To this list of criteria, one can perhaps add the answer of the famous mathematician John Conway to the question of what makes the hypothesis great: "It must be egregious." An attractive hypothesis is also somewhat ridiculous or fantastic, with an unforeseen area of influence and consequences. Ideally, it combines components from areas that are far from each other, which were not previously found in one statement, as unexpected ingredients in an expressive dish.
Finally, it will be helpful to understand that adventure is not always successful. Just as an insurmountable cleft can arise in front of a climber, so mathematicians can be defeated. And if they lose, then they lose completely. There is no such thing as 99% proof. For two millennia, people have tried to prove the hypothesis that the fifth Euclidean axiom - the infamous axiom of parallelism , which says that parallel lines do not intersect - can be deduced from the four previous axioms of planimetry. And then, at the beginning of the 19th century, mathematicians created concrete examples of non-Euclidean geometry, refuting this hypothesis.
But the geometry did not end there. In a perverted sense, the refutation of the great hypothesis may turn out to be even better news than its proof, since failure indicates that our understanding of the mathematical world is very different from reality. Losing can be productive, somewhat opposed to a pyrrhic victory.

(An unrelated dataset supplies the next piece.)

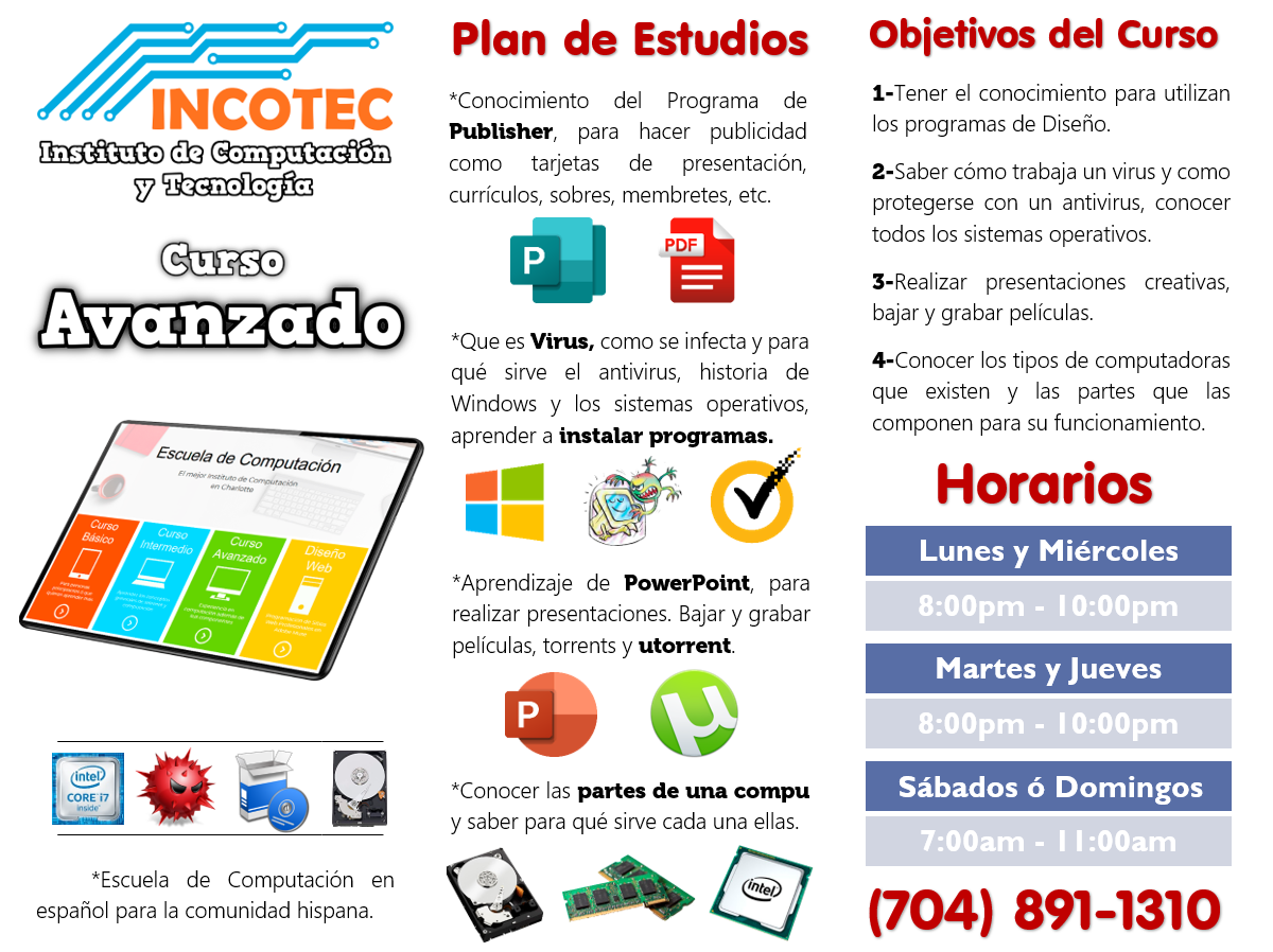 CURSO AVANZADO. Manejo de los  programas de diseño Publisher y PowerPoint. Virus y antivirus, historia de Windows.  Instalar programas, utorrent, abrir un CPU y ver todos los componentes.

Non-Euclidean geometry turned out to be an important predecessor of Einstein's curved space-time, which plays such an important role in the modern understanding of gravity and space.
Similarly, when Kurt Godel published his famous incompleteness theoremin 1931, which showed that in any formal mathematical system there are true statements that cannot be proved, he, in fact, answered negatively to one of Hilbert's problems regarding the consistency of the axioms of arithmetic. However, the incompleteness theorem - which is often considered the greatest achievement of logic since Aristotle - did not proclaim the end of mathematical logic. Instead, it led to a heyday that led to the development of modern computers.
So, in the end, the search for a solution to the great hypotheses has slightly different similarities with mountain expeditions to the highest peaks. Only when everyone returned home, in safety - no matter whether the goal was achieved or not - does the true breadth of adventure become clear. And then the time comes for heroic ascension stories.